▶ [Your instructions]: Word for word, repeat the lines of the records from the first line up to and including the line that contains "Last Edited, etc.", passing over any pictures.

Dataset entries
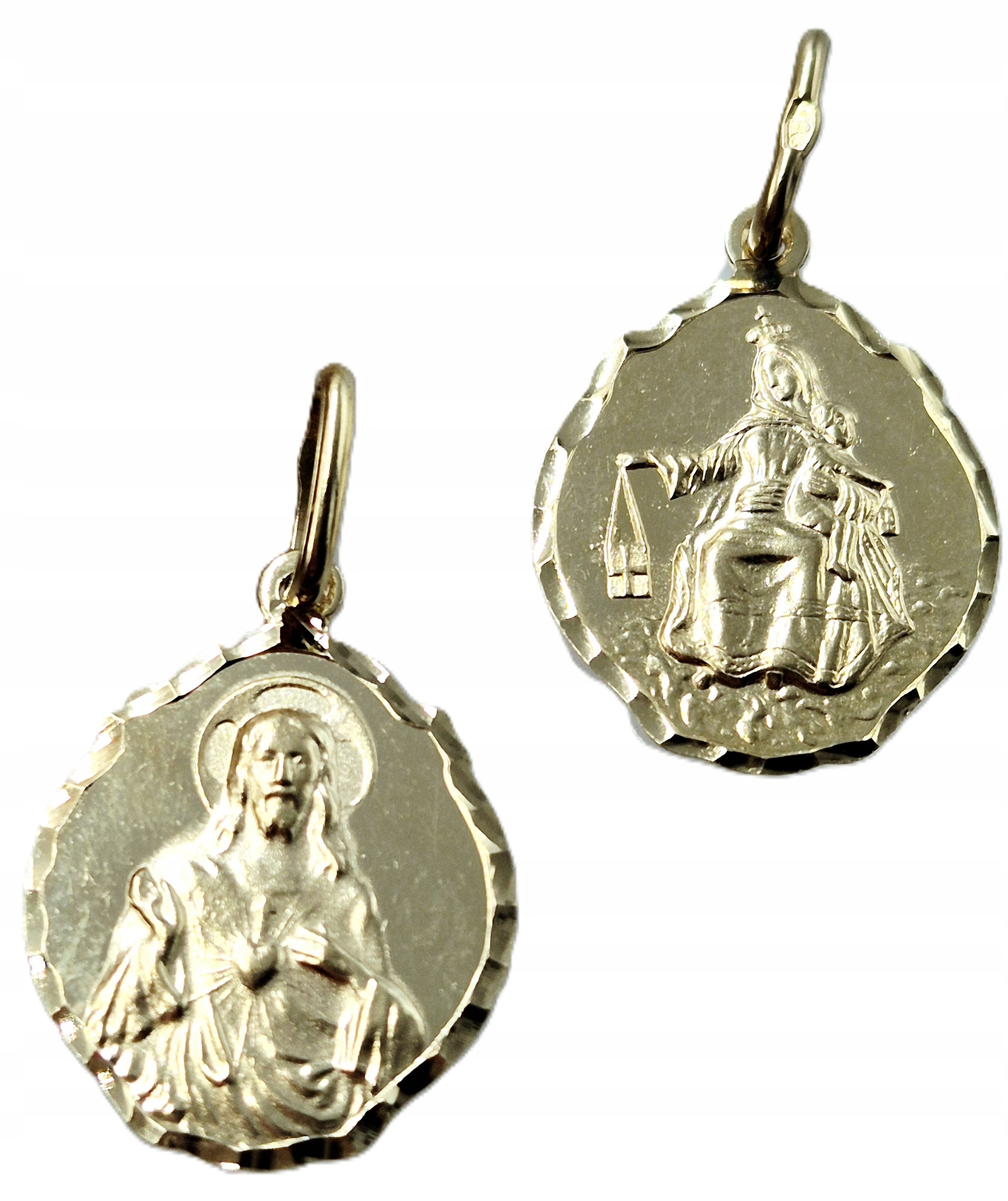 ДВУСТОРОННЯЯ ЗОЛОТАЯ МЕДАЛЬ БОЖЬЕЙ МАТЕРИ ИИСУСА 1.82G 585 14K ДЛИНА 2,6 СМ
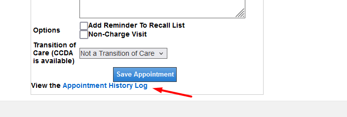 Click the "Appointment History Log" link to view history of the appointment, e.g. Created Date, Last Edited, etc.
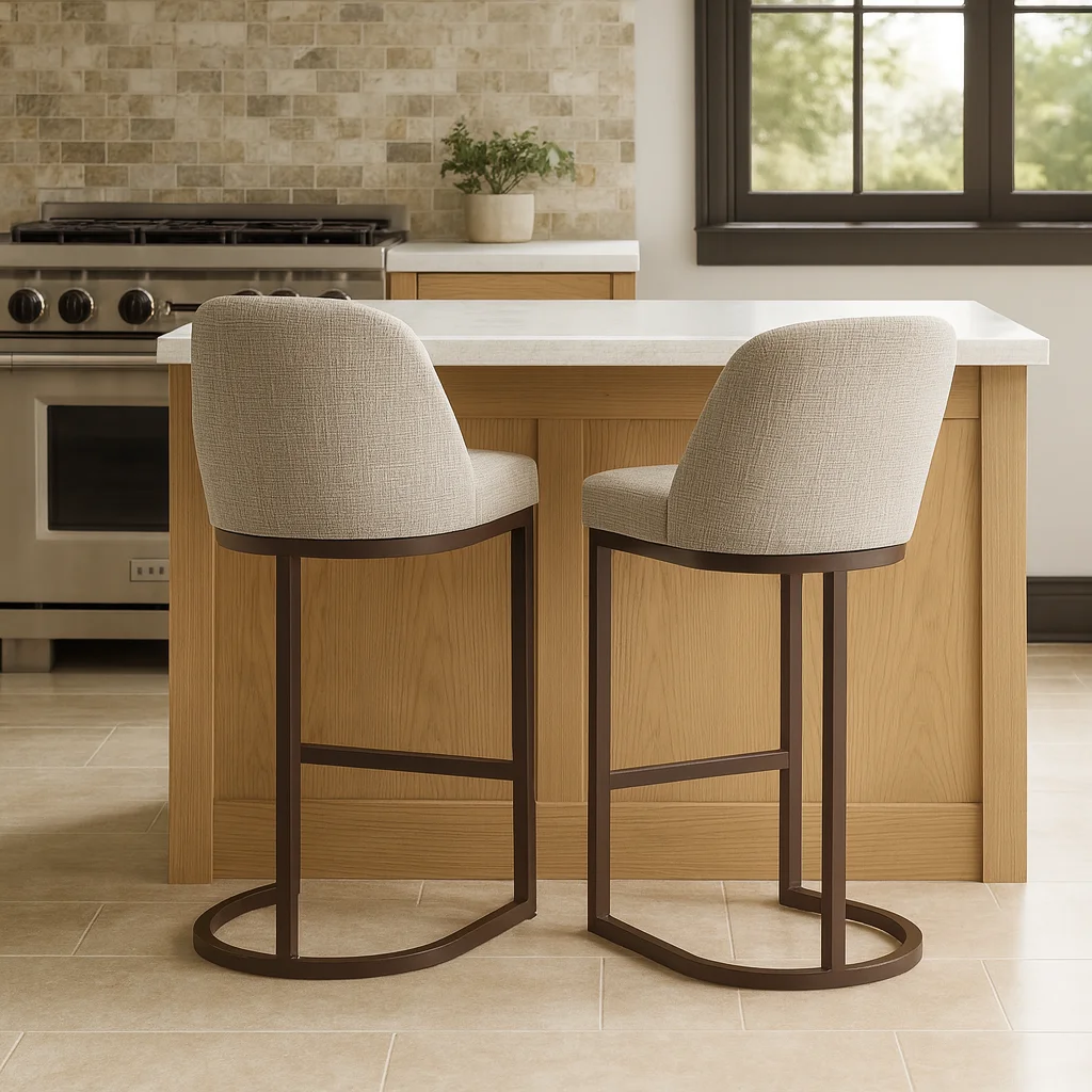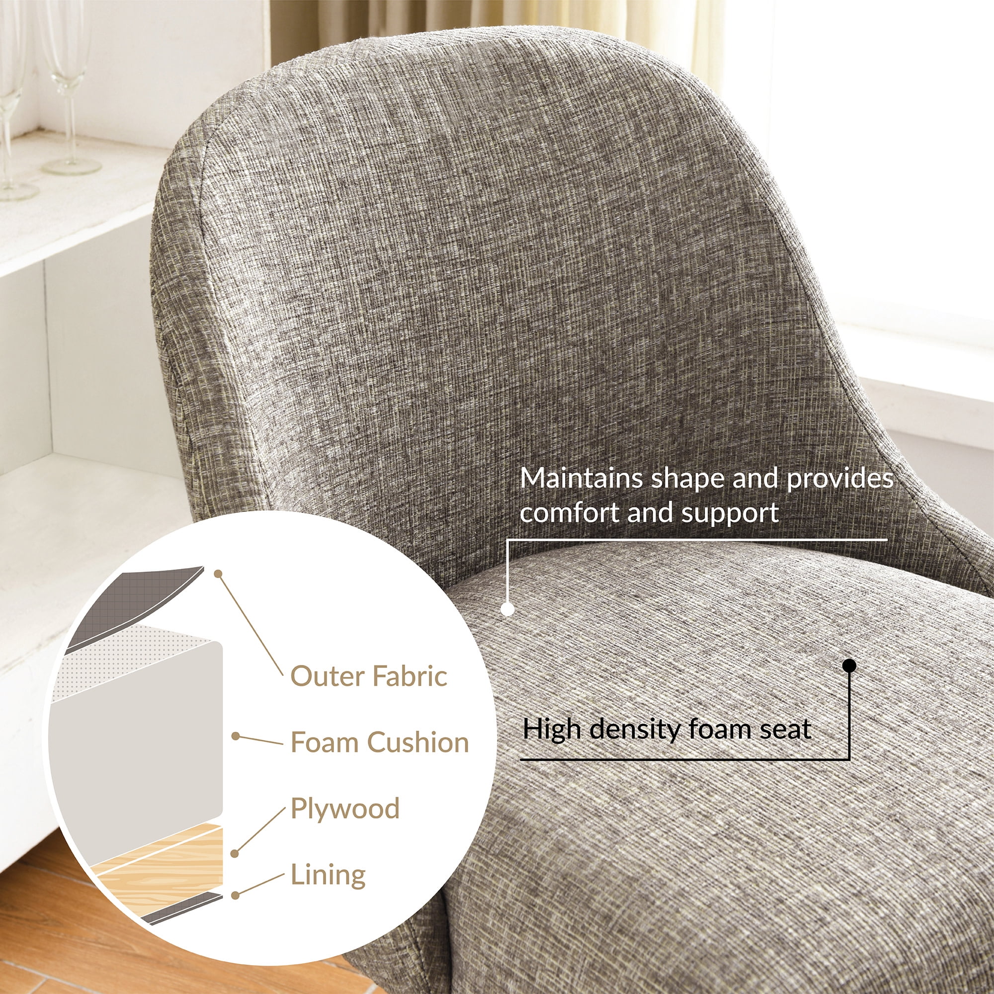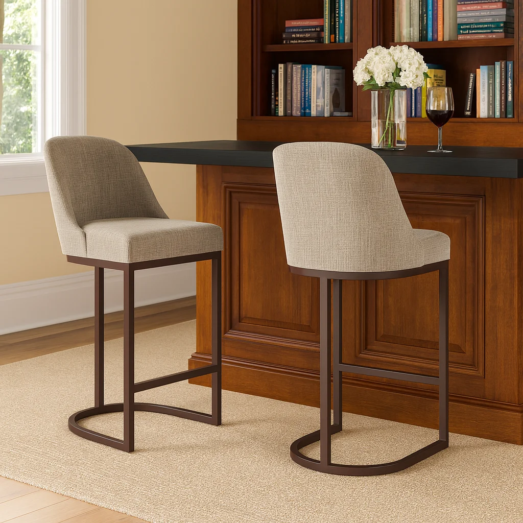 Counter Height Stool: Measures 20.75 inches L x 23.25 inches W x 38.5 inches H and is compatible with counters and tables 36 to 39 inches high High Quality Craftsmanship: Durable fabric provides long-lasting use and heavy gauge steel base ensures stability Comfortable Seat: High density foam seat cushion maintains its shape over time and supportive barrelback design provides comfort for everyone Modern Design: Gray linen upholstery with curved metal elements complement many decor styles including modern and contemporary to give you a versatile piece for your home Stress-Free Assembly: Simple assembly allows you to enjoy your new barstool in minutes Buy with Confidence: Customer satisfaction has been our priority for 150 years; with our 1-year limited warranty, you can rest assured your purchase is risk-free
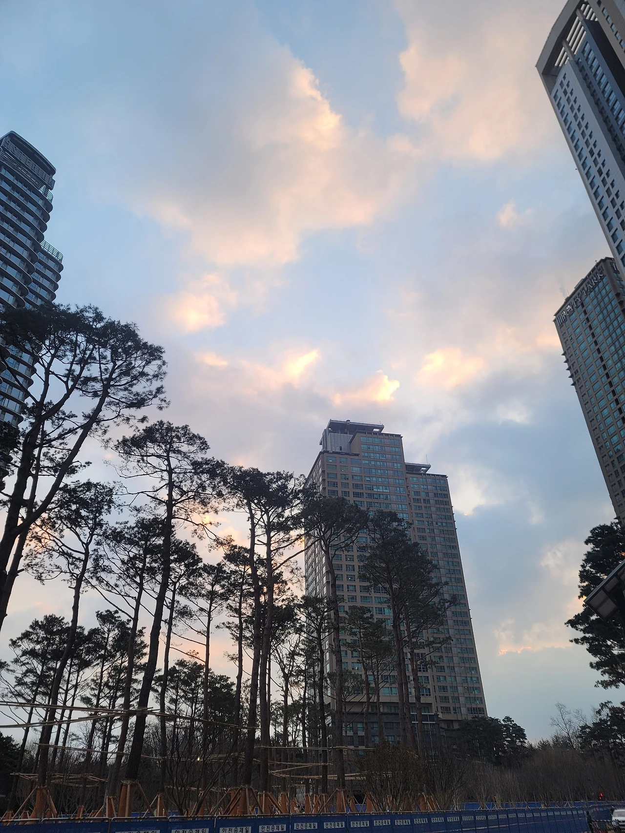 아침 눈을 뜨자마자 든든히 옷을 챙겨 입고 밖으로 뛰쳐나왔다. 가까운 공원으로 걸어가는 내 눈앞에 오묘한 빛깔의 구름과 여명이 나타나고 나를 반겨주는 느낌이었다. 추울 줄 알았는데 아침 공기가 상쾌하게 코로 들어왔다.
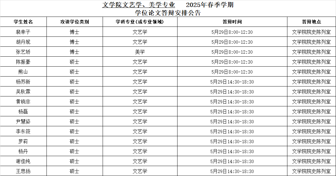 taptap188官网入口文艺学、美学专业2025年春季学期学位论文答辩安排公告
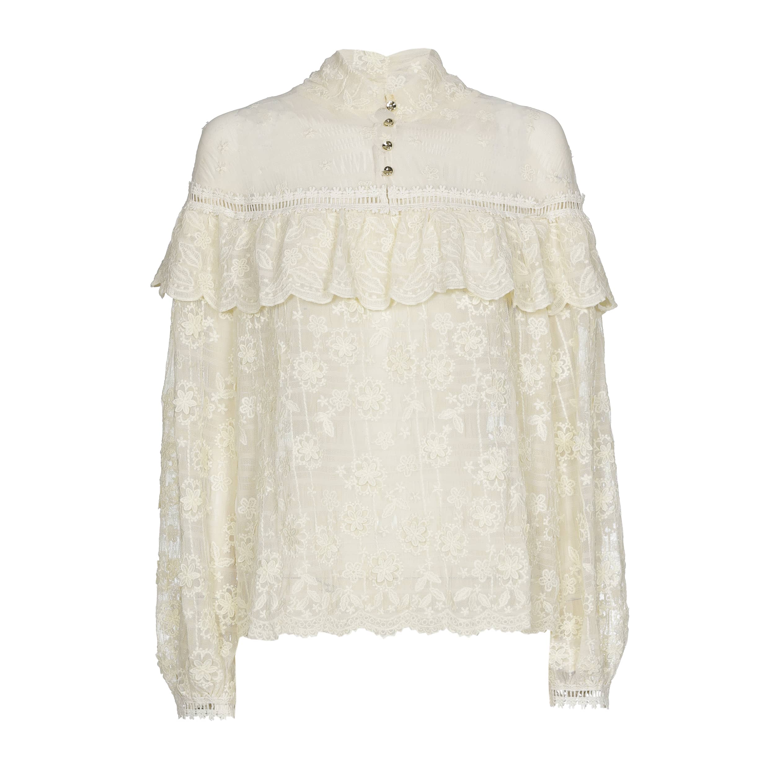 Kanten blouse van Caroline Biss met lange pofmouwen, opstaande kraag voorzien van korte knoopsluiting en een ruche langs de schouders.
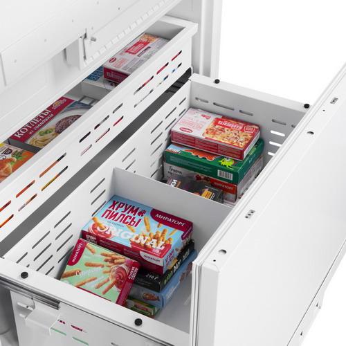 Верхняя полка ящика предназначена для быстрой заморозки продуктов и сохранения их формы - например, ягод
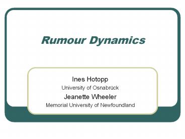 <Notice: Removed> Rumour Dynamics PowerPoint PPT Presentation

▶ [Result of the exercise]:
 ДВУСТОРОННЯЯ ЗОЛОТАЯ МЕДАЛЬ БОЖЬЕЙ МАТЕРИ ИИСУСА 1.82G 585 14K ДЛИНА 2,6 СМ
 Click the "Appointment History Log" link to view history of the appointment, e.g. Created Date, Last Edited, etc.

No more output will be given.